What is the Function of the Liver?

Composed of millions of cells, the liver is considered one of the most important organs of the digestive system, since it is mainly responsible for metabolizing and storing nutrients from the body. It weighs around 1,300 to 1,500 grams in man and a little less, about 200 grams in women.

The main functions of the liver are:

  • bile production
  • cholesterol synthesis
  • storage and release of glucose
  • detoxification of the organism
  • transformation of ammonia into urea
  • drug and hormone processing
  • protein metabolism
  • destruction of worn blood cells and bacteria, among others.

Located in the upper right part of the abdomen, it is a vital organ because the human being can not survive without it.

And, despite having an excellent recovery capacity, some diseases can lead to liver failure, leading to death. In these cases, there may be a medical indication for liver transplantation.

The main cause of the need for transplantation is liver cirrhosis, which causes irreversible damage to liver cells.
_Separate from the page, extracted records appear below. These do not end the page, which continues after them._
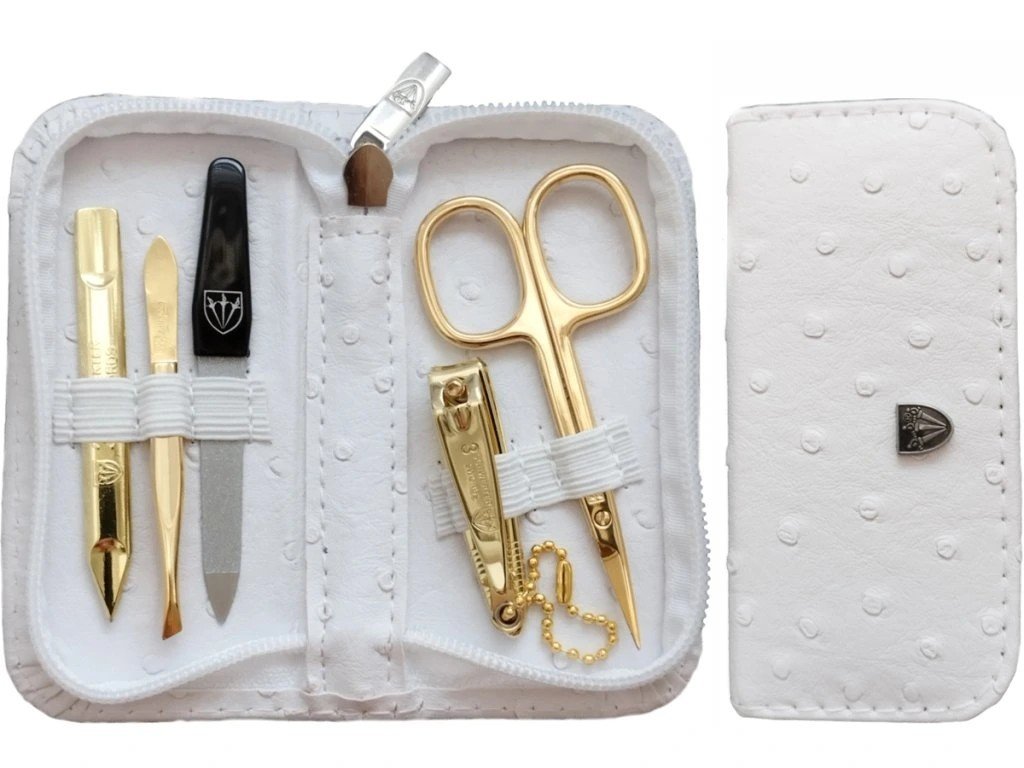 Luxusní sada na manikúru od německého výrobce Kellermann. Elegantní bílé pouzdro v designu pštrosí kůže v kombinaci s pozlacenými nástroji tvoří luxusní set, který zaručeně potěší každou ženu.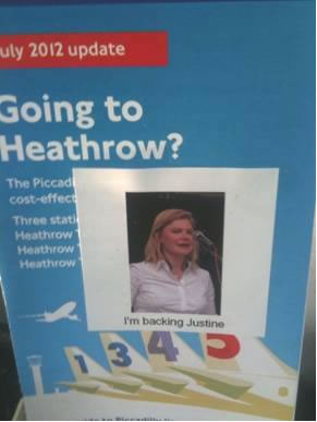 ‘I’m backing Justine’ posters have also been appearing on the underground, thought to be part of a campaign by West London residents to put pressure on David Cameron to keep Greening in post.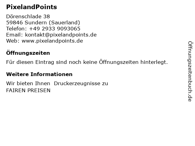 | Öffnungszeiten PixelandPoints in Sundern (Sauerland) anzeigen | |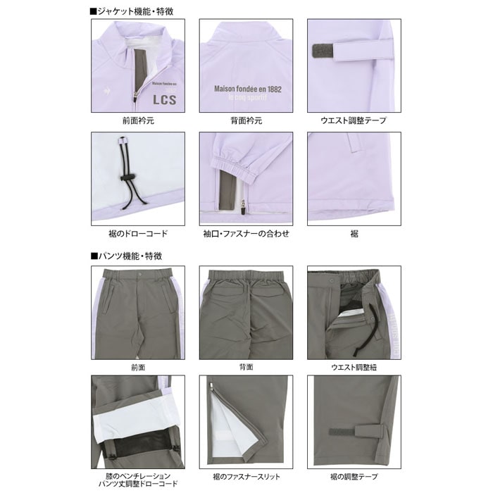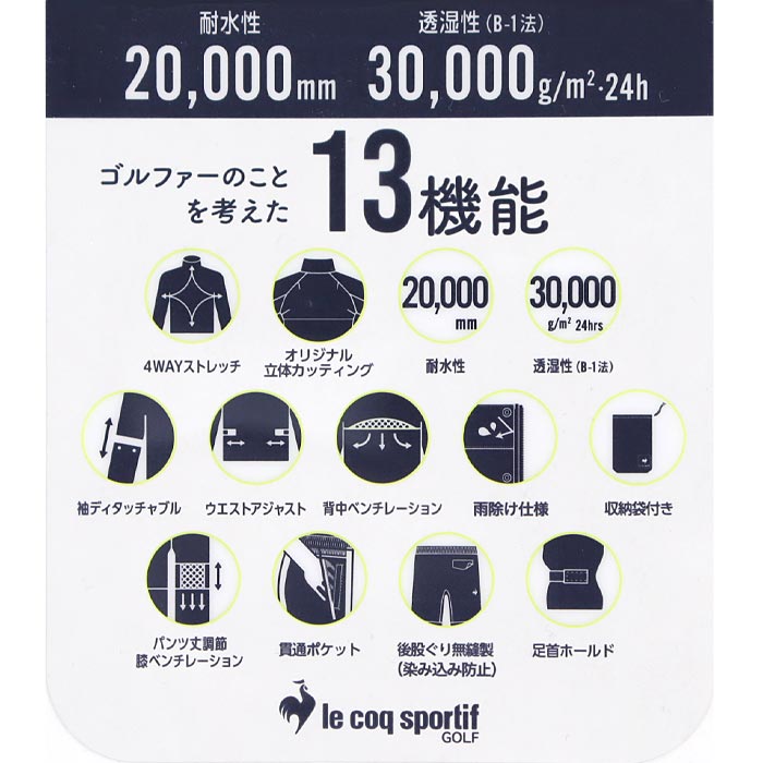 特長 軽量性を重視した新素材2.5層ナイロンラミネート素材は裏地が無くても肌にまとわりつきにくく、しなやかでストレッチ性にも優れます。耐水性20,000mm、透湿性(B-1法)が30,000g/mm・24hrs。袖ディタッチャブルやベンチレーション、ウエストの絞りや股下調整など基本仕様は変更せず、機能性がさらに高まりました。鮮やかなカラーリングで雨の日が楽しみになるようなレインウェアです。表地裏面にポリウレタン樹脂加工しています。■着脱可能■耐水■透湿■ストレッチ

The disease occurs when the normal anatomy of the organ is replaced by scar tissue, which impairs its function. It can be caused by several reasons: hepatitis B and C, autoimmune hepatitis, alcohol, primary biliary cirrhosis, sclerosing cholangitis, and secondary biliary cirrhosis.

Hepatitis B, for example, is caused by the B virus, known as HBV. When it enters our organism, the virus attacks the cells of the liver, and multiplies, causing the inflammation of the organ.
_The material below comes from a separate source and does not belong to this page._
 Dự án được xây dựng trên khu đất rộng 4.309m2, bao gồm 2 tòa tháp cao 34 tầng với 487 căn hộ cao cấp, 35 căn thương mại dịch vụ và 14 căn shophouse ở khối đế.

By being contaminated with blood, saliva, semen and vaginal secretions, the individual can develop acute hepatitis, chronic hepatitis, and fulminant hepatitis – which is the most severe form of the disease and can lead to death quickly.
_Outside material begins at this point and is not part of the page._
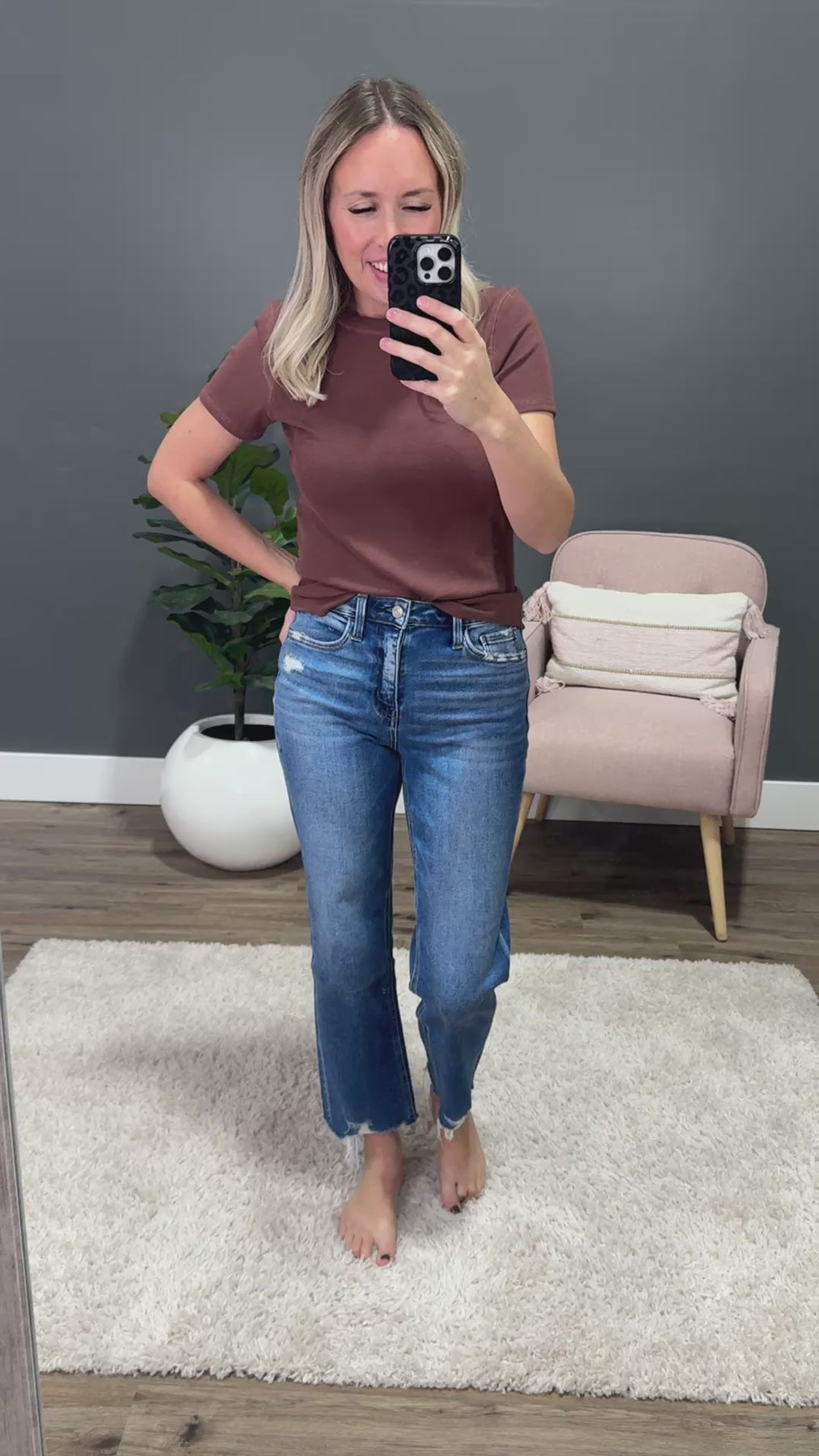 Courtney is 5'6" and wears a size 25 in jeans, a small in bottoms and a small in tops.

In turn, hepatitis C is a viral disease, which also causes inflammation of the liver. The problem is that most of the time, there are no symptoms and the patient does not perceive the problem in the body. Its virus, the HCV, can be transmitted mainly by contaminated blood.

Sexual contact, perinatal, mother-to-child, sharing of syringes or instruments in the manicure, pedicure and piercings are also important ways of transmitting the disease.

Therefore, there are several diseases that can cause liver deterioration and lead to the need for transplantation. It is always important to take care of health, have healthy habits and do routine exams to detect possible problems early.